Erbitux™ (cetuximab or C225) is a monoclonal antibody like Avastin‚ but it acts by targeting a protein found on cancer cells called the epidermal growth factor (EGF) receptor. Many malignant tumor cell types‚ including colorectal cancer‚ overproduce the EGF receptor (EGFR) by as much as a 100–fold compared with a normal cell. “There are several drugs in development targeting EGFR‚” says Dr. Meropol. The limit with this approach‚ according to Dr. Meropol‚ is that only about 50–70% of colorectal cancers have this receptor‚ restricting the drug’s activity only to those tumors. For these cancers‚ studies show that Erbitux‚ an I.V. medication‚ has modest activity used in combination with Camptosar and also by itself. Rash is the most common side effect.

Small Molecules
Joining the ranks of chemotherapies‚ antibodies‚ and ribozymes are small molecules‚ designed to interfere with growth–promoting compounds involved in cancer cell development. Researchers have identified a complicated network of compounds that signal a cell‚ whether normal or cancerous‚ to grow. “We know now of many compounds involved in the signaling cascade‚” says Rachel Humphrey‚ MD‚ director‚ Global Clinical Strategy‚ Oncology‚ Bayer Corporation‚ and a practicing medical oncologist. Some cancers develop due to an abnormal change within the normal signaling network.

Small molecules designed to attack this process include Bayer’s BAY 43–9006‚ an oral drug currently in phase I testing. “We are very encouraged by the phase I results and plan to evaluate BAY 43–9006 in phase II studies in a variety of cancer types‚ including colorectal‚” says Dr. Humphrey. BAY 43–9006 inhibits an enzyme involved in the cancer signaling process‚ called Raf kinase.

“Raf kinase is thought to be an important growth signal in many cancers‚” says Dr. Humphrey. But she cautions that more than one signaling compound may need to be inhibited to achieve full and complete cancer inhibition. Also‚ these cell growth cascades may be normal and important for blood vessel and blood cell formation. “If you inhibit too many of them or too many fundamental ones‚ toxicity could develop‚” she cautions.

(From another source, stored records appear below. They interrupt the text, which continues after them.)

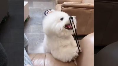一隻狗發明了一種自己玩耍的方法, 從他的鼻子裡射出一根髮帶.
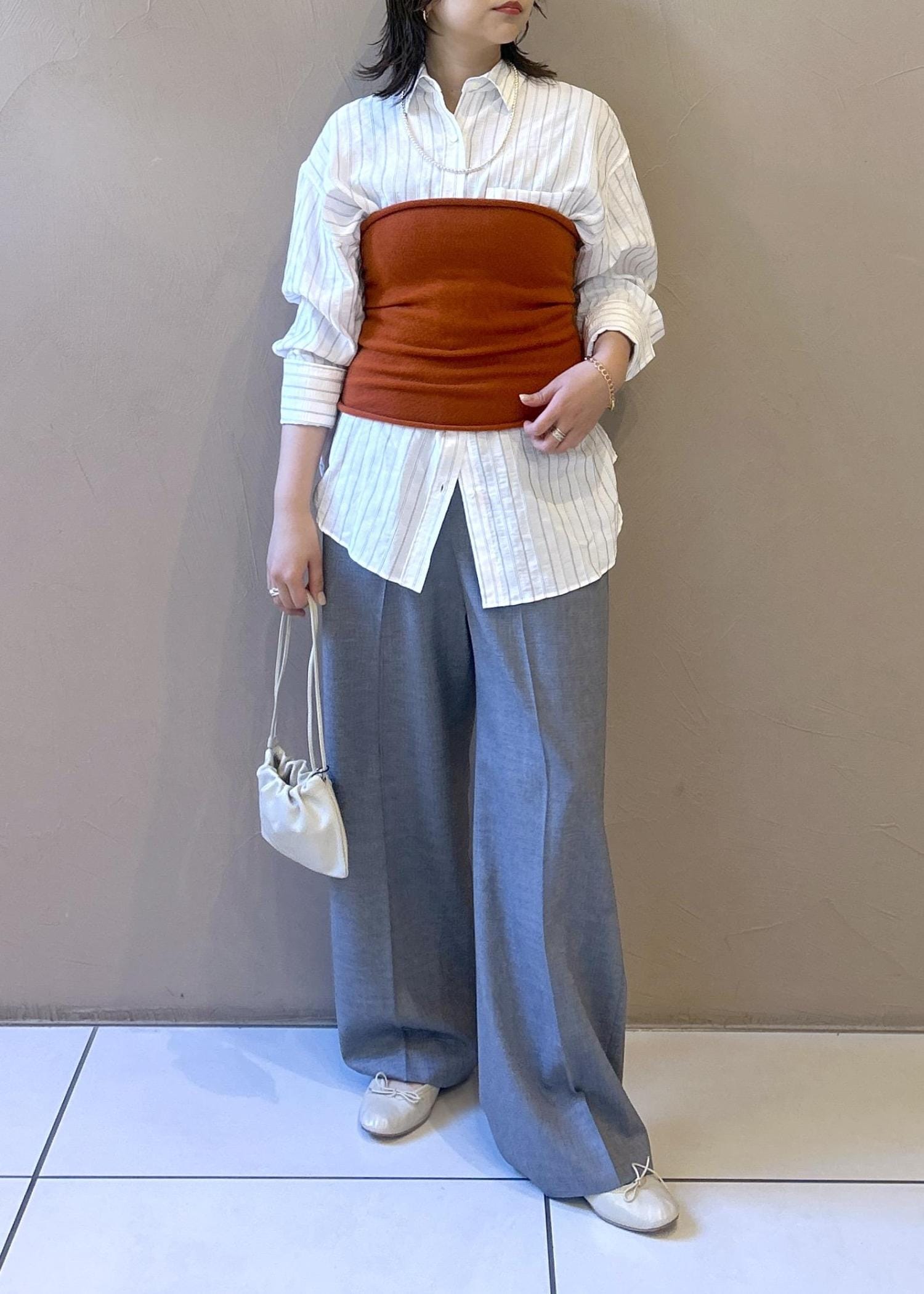 お尻周りやもも周りを拾いにくいシルエットで体型カバーも叶う一枚です。
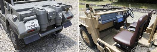 ▲昨年の静岡ホビーショーにて展示された「1/1サウロペルタ」が今回も登場。連邦軍とジオン軍の軽機動車輌が並ぶ様は壮観の一言。
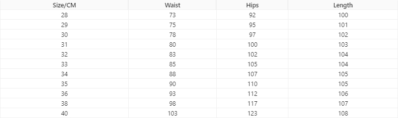Size: 28, 29, 30, 31, 32, 33, 34, 36, 38, 40
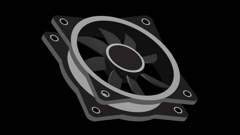 Isometric computer fan animation. Computer fan cooler. Isometric of PC case fan. Computer hardware components. Transparent background Pro Video
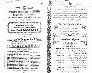 The operetta's themes centre on the family and everyday life, oppression in the family and Azerbaijani woman in society.[2] The premiere was held on May 24, 1910, in Baku, in the theatre-circus of the Nikitin brothers. Huseyngulu Sarabski (Marjan bey), Ahmed Agdamski (Minnat khanim), M.H.Teregulov (Safi) and Mirzagha Aliyev (Kerbelayi Gubad) played the leading parts, Huseyn Arablinski was the stage director and Uzeyir Hajibeyov was the conductor. Husband and Wife was subsequently staged in other theatres in Azerbaijan, including Nakhchivan, Aghdam and Shaki.[3][4][5][6]
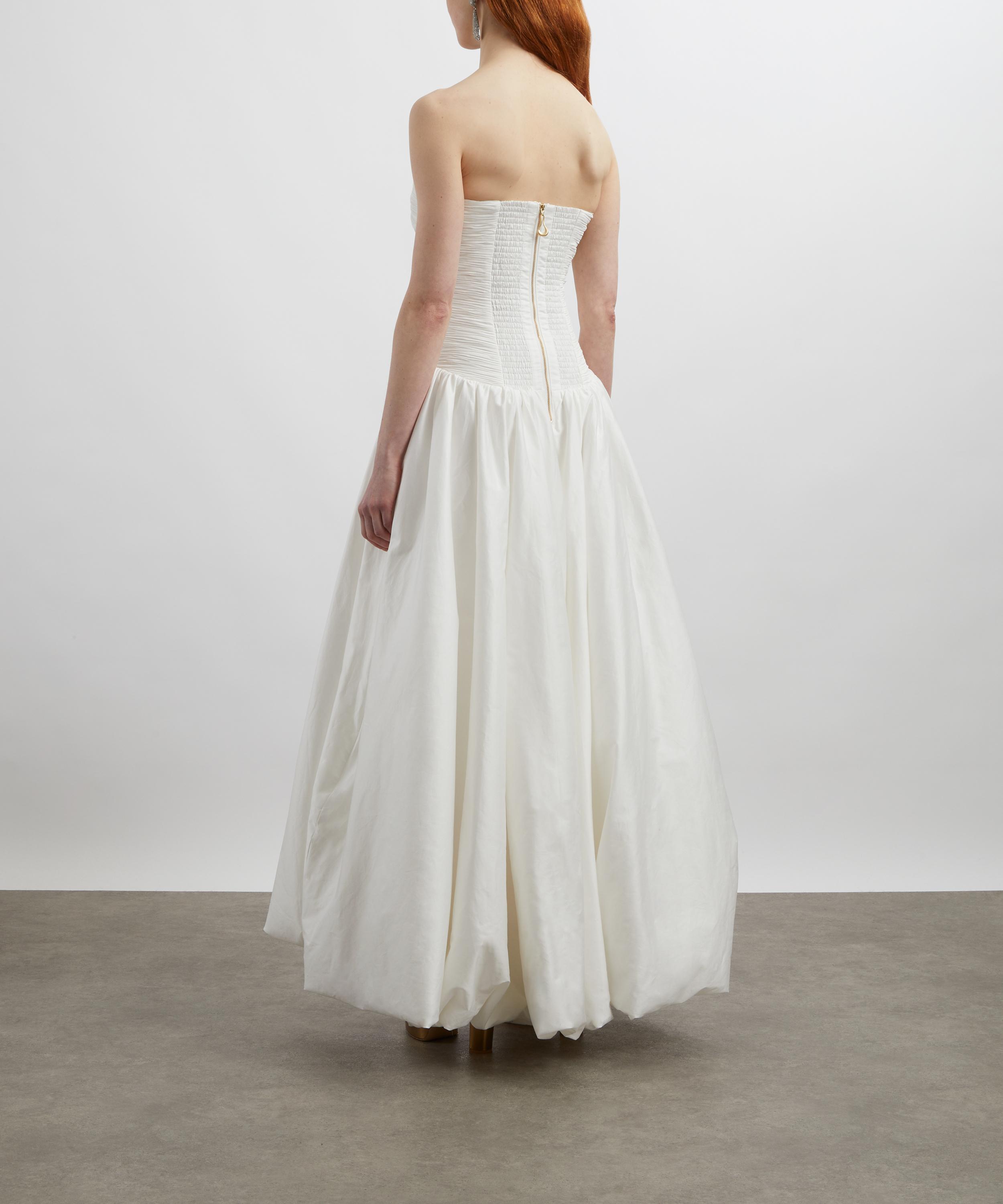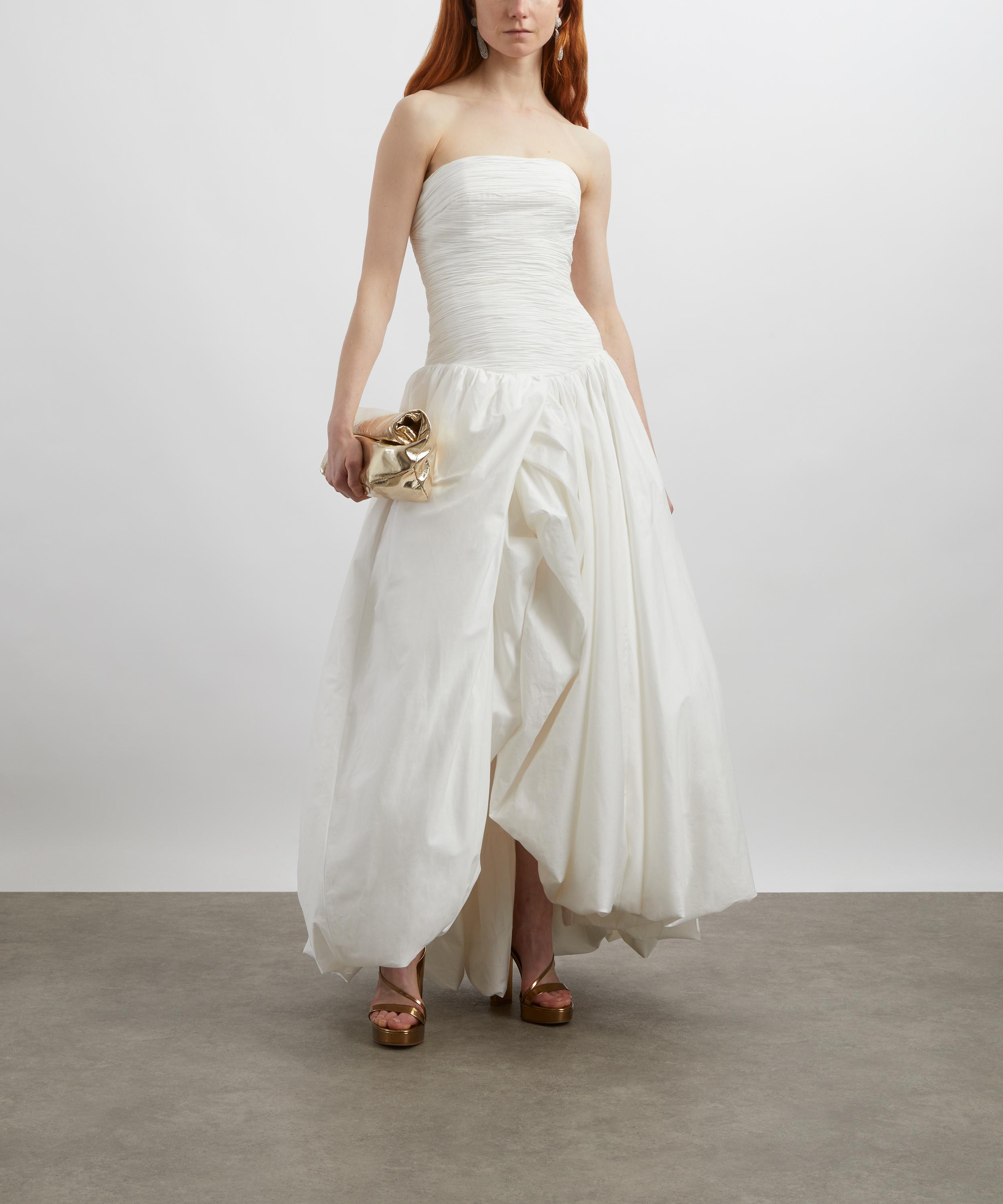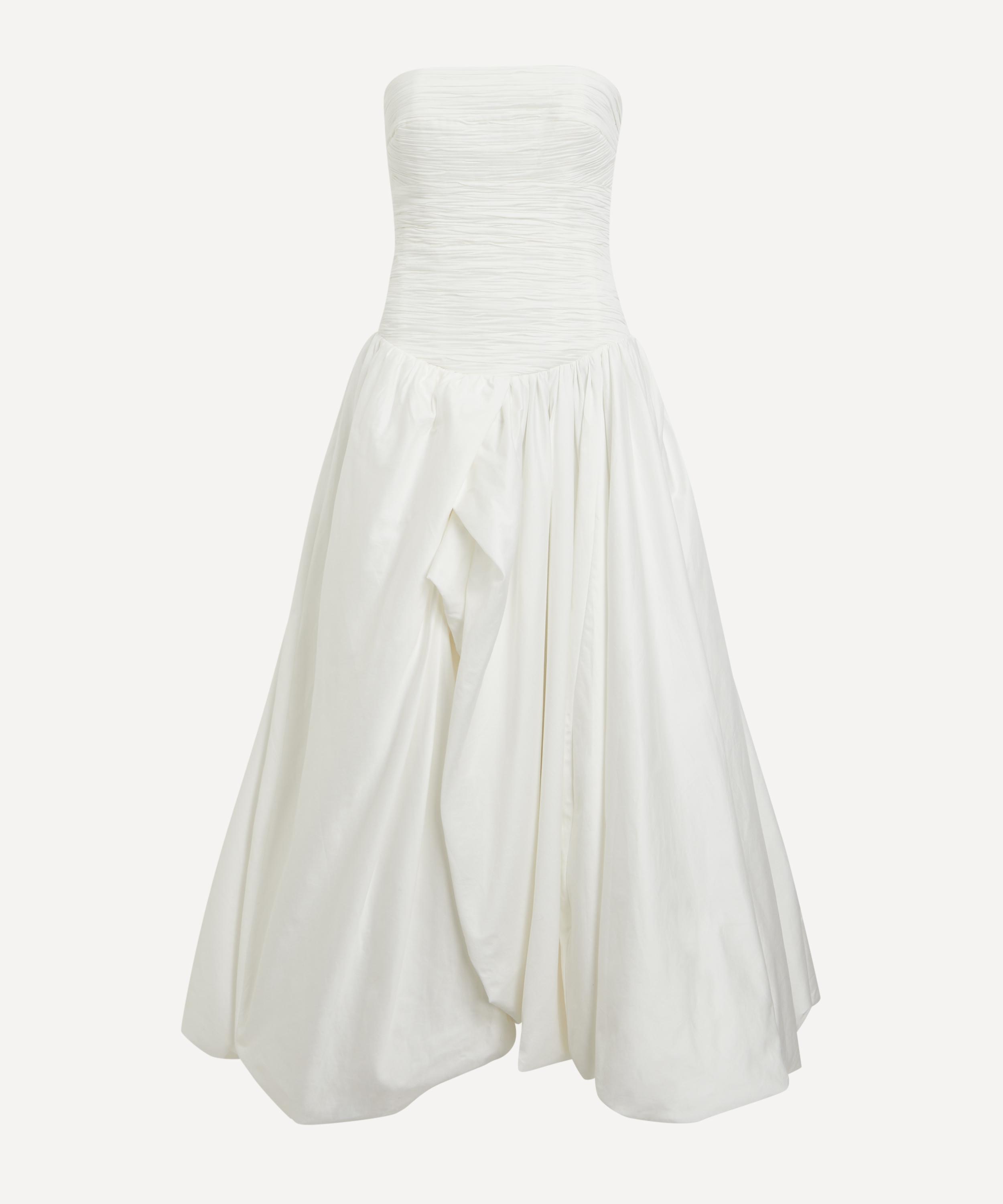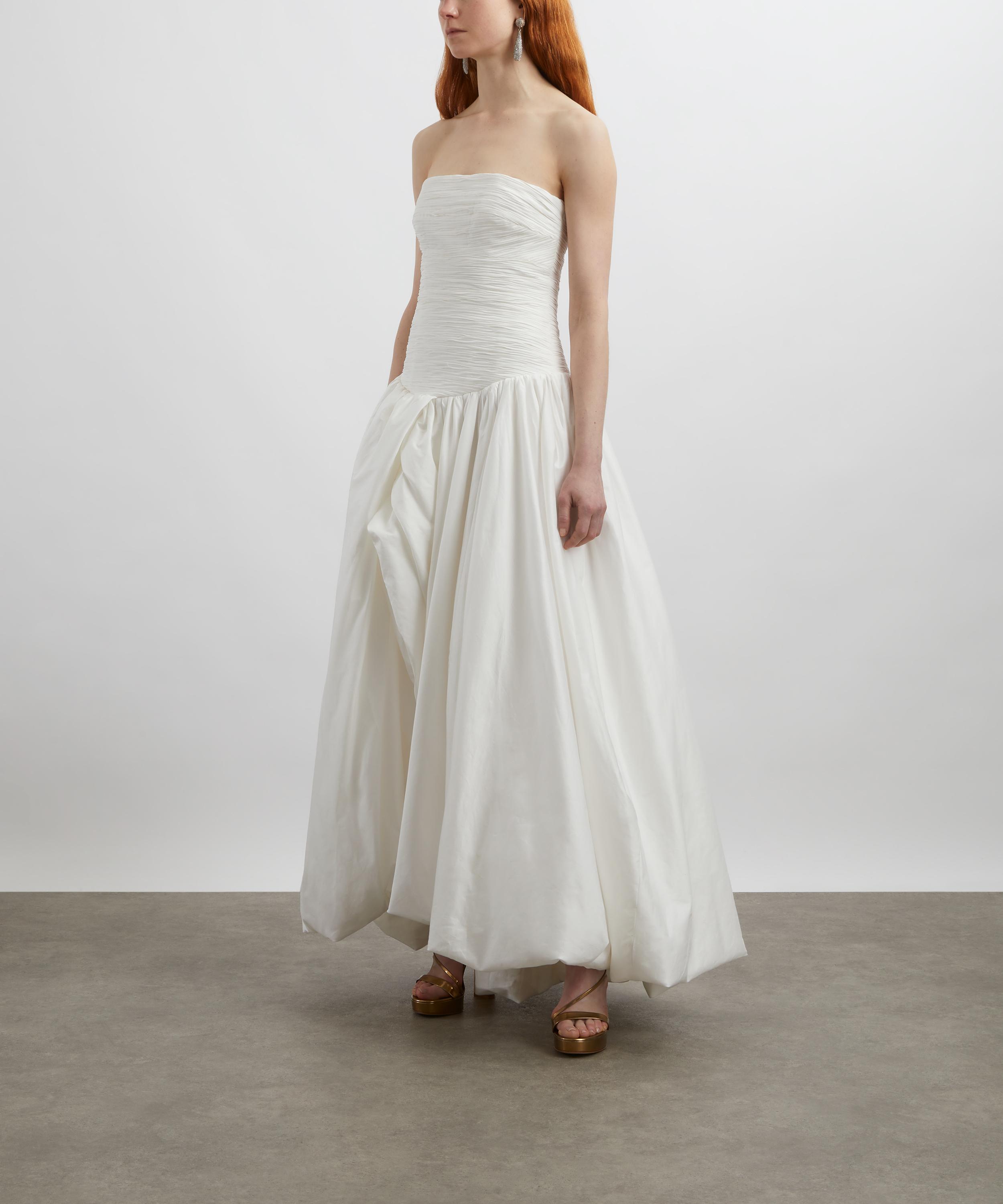 With its strapless, ruched bodice, draped full skirt, and voluminous asymmetric bubble hem, the Violette maxi dress makes a bold and unforgettable statement. Crafted from cotton, the ivory gown is beautifully finished with a decorative gold zip at the back for an added touch of sophistication.
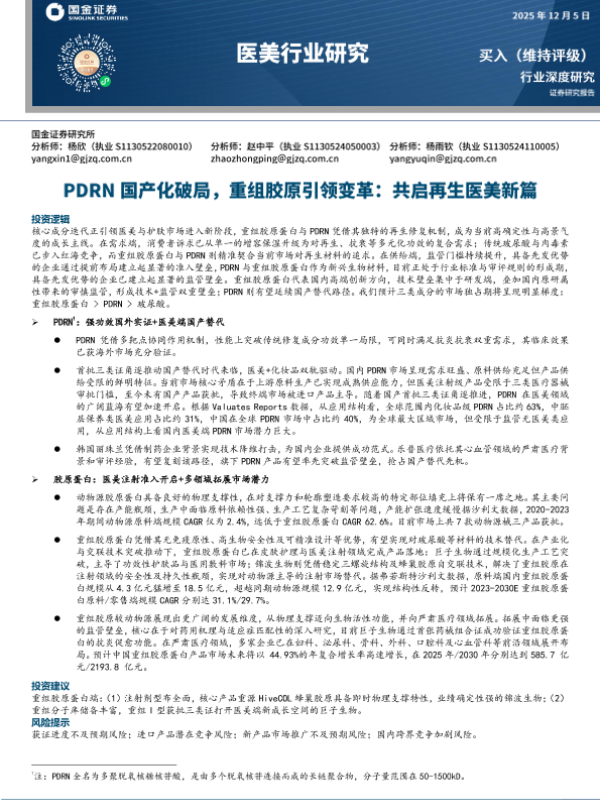 【国金证券】【202512】PDRN国产化破局,重组胶原引领变革 共启再生医美新篇-28页 证券期货研究报告
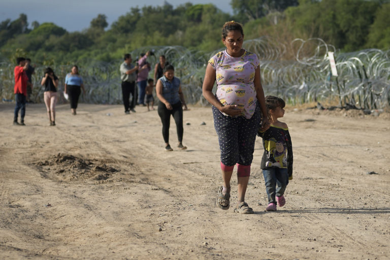 Migranti, ktorí prešli z Mexika, sa prechádzajú okolo drôtu lemujúceho brehy rieky Rio Grande v Texase. Foto: SITA/AP.
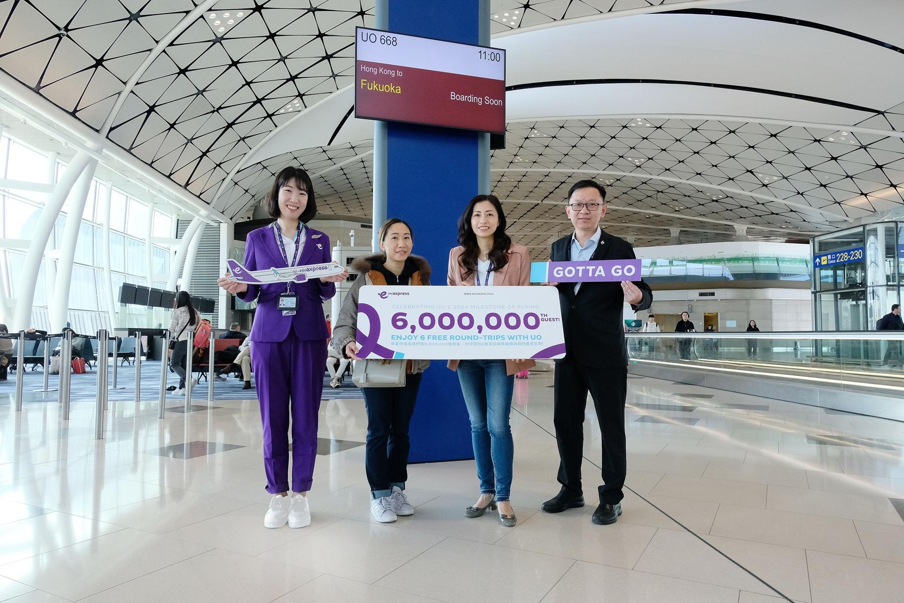 公司為慶祝此里程碑,管理層特地於當日香港飛往福岡的UO668航班登機閘口歡迎第600萬名幸運旅客溫小姐,並送上6套來回機票,以感謝她及所有旅客一直以來的支持。溫小姐可於未來1年內,從香港快運超過30個現有及新增航點中自由選擇航班。溫小姐驚喜地表示,從未想過自己會這麼幸運,會與家人一起計劃明年的旅遊行程;她特別喜歡自然風景,所以很可能會探索日本不同的目的地。

Echoing opinions about most of the other new colorectal cancer drugs‚ Dr. Humphrey adds that it is uncertain the extent to which any of the therapies under evaluation will‚ if ultimately approved by the FDA‚ be used as a single agent or in combination with other agents. “This is true for all small molecule inhibitors in development today‚” she says. “And it’s very important not to overanalyze results from any phase I trial for any drug.”

Patients in these trials may not represent what the drug will do in the general pool of people with colorectal cancer‚ explaining why additional studies are necessary.

Two other small molecule drugs of interest in colorectal cancer‚ Tarceva® (erlotinib or OSI–774) and Iressa® (gefitinib or ZD1839)‚ and one monoclonal antibody‚ ABX–EGF‚ also target the EGFR. As with Erbitux‚ they might have potential efficacy only for those cancer cells that possess the EGFR. Unlike Erbitux‚ however‚ Tarceva and Iressa are oral medicines.

Prevention Still Essential
“When colorectal cancer does occur‚ the new drugs available now and the newer ones under development will continue to make treatment options better and safer for the people who need them‚” says Dr. Saltz. “But proper screening can make this preventable disease far less common.”